I've finished reading the novelettes on the Nebula preliminary ballot. I'm not going to comment on my own ("Safeguard"). Other than that, my favorite was Kij Johnson's "The Evolution of Trickster Stories Among the Dogs of North Park After the Change," from the anthology Coyote Road: Trickster Tales (edited by Ellen Datlow and Terri Windling). The title is a good, if prosaic descriptor: There has been a "change," dogs have abruptly evolved the power of human speech (this is a fable, not a plausible SF story), and they are now both embracing the trickster stories found in many cultures, as well as evolving a strong sense of human treachery. It's an absorbing story, nicely written, and has some unpleasant but true things to say about the nature of hierarchy.
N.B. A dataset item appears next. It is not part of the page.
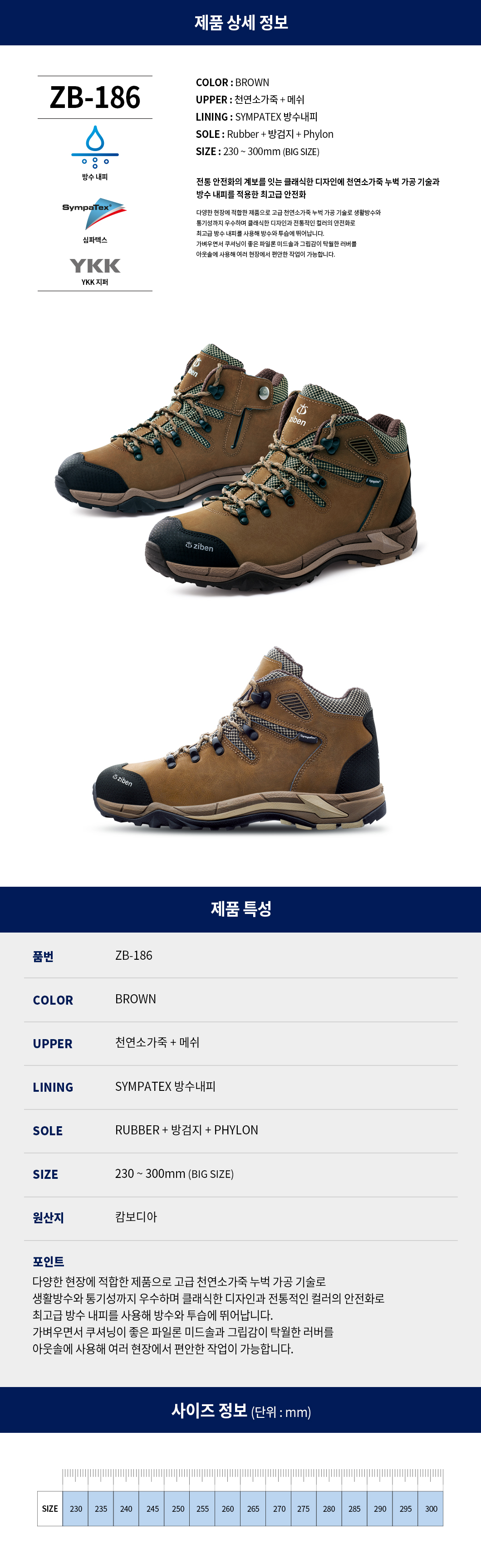 클래식한 디자인과 전통적인 컬러의 안전화로 최고급 방수 내피를 사용해 방수와 투습에 뛰어납니다.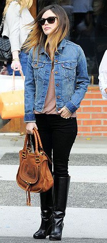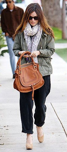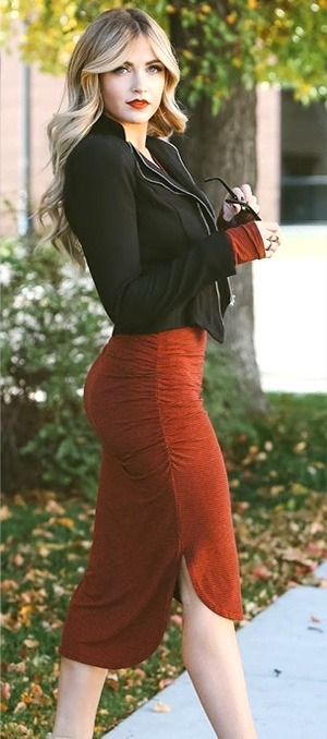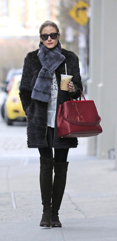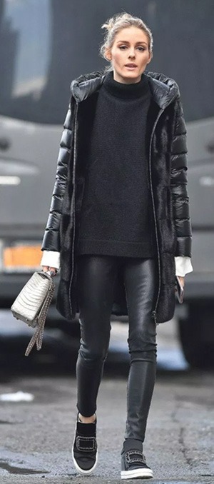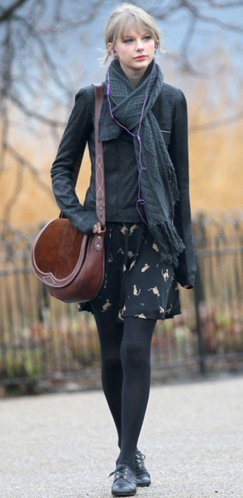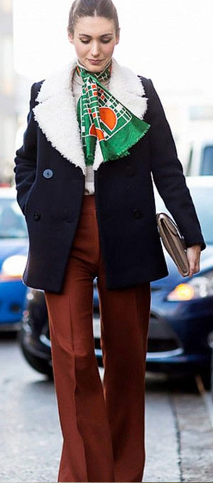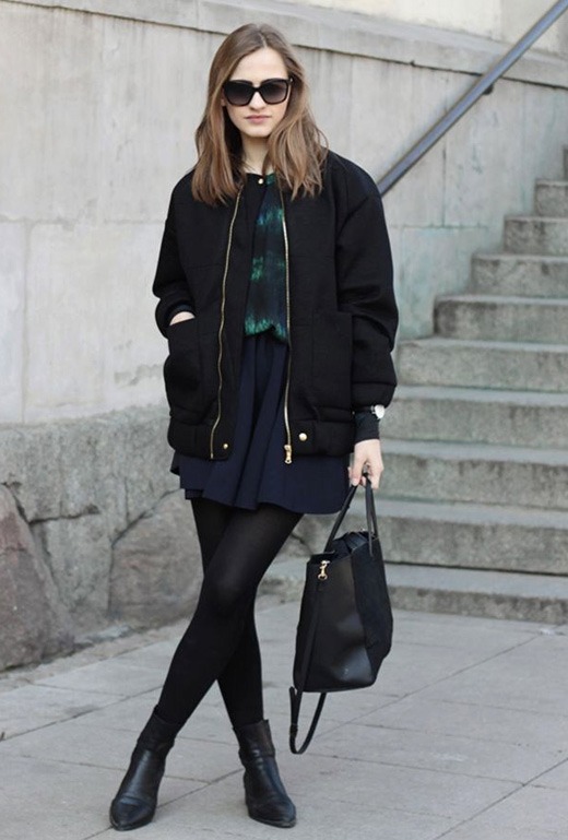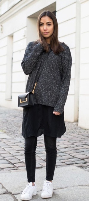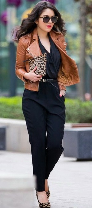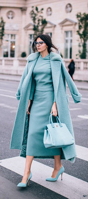 A stylish dress without any prints can also be a chic selection. Wear a midi length high necked dress with a belt at waist. A body skinning cut will be preferable. The addition of a casual leather bag plus a pair of black high heels will make this outfit sleeker.

I also liked William Shunn's "Not of This Fold," about proselytizing Mormons on a space station, aliens, and the nature of faith. This story takes a long time to get going, but once it does, it's interesting. Both the same points can be made about "The Sun God at Dawn, Rising From a Lotus Blossom," by Andrea Kail. She is a very new writer -- this story is from Writers of the Future, Volume 23. Finally, Mike Resnick's "Alastair Baffle's Emporium of Wonders" is moving, with lots of good Resnick details. I don't quite understand why it's on the '07 ballot since it came out in January of 'o8 (Asimov's), but I presume that it received ten recommendations to qualify, and beyond that the Nebula qualification rules are a murky fog to me.
Also murky, on a totally unrelated subject: Somehow I managed to turn off the spell-check function on these blog posts. Uninformed experimentation has failed to turn it back on. Help, anyone?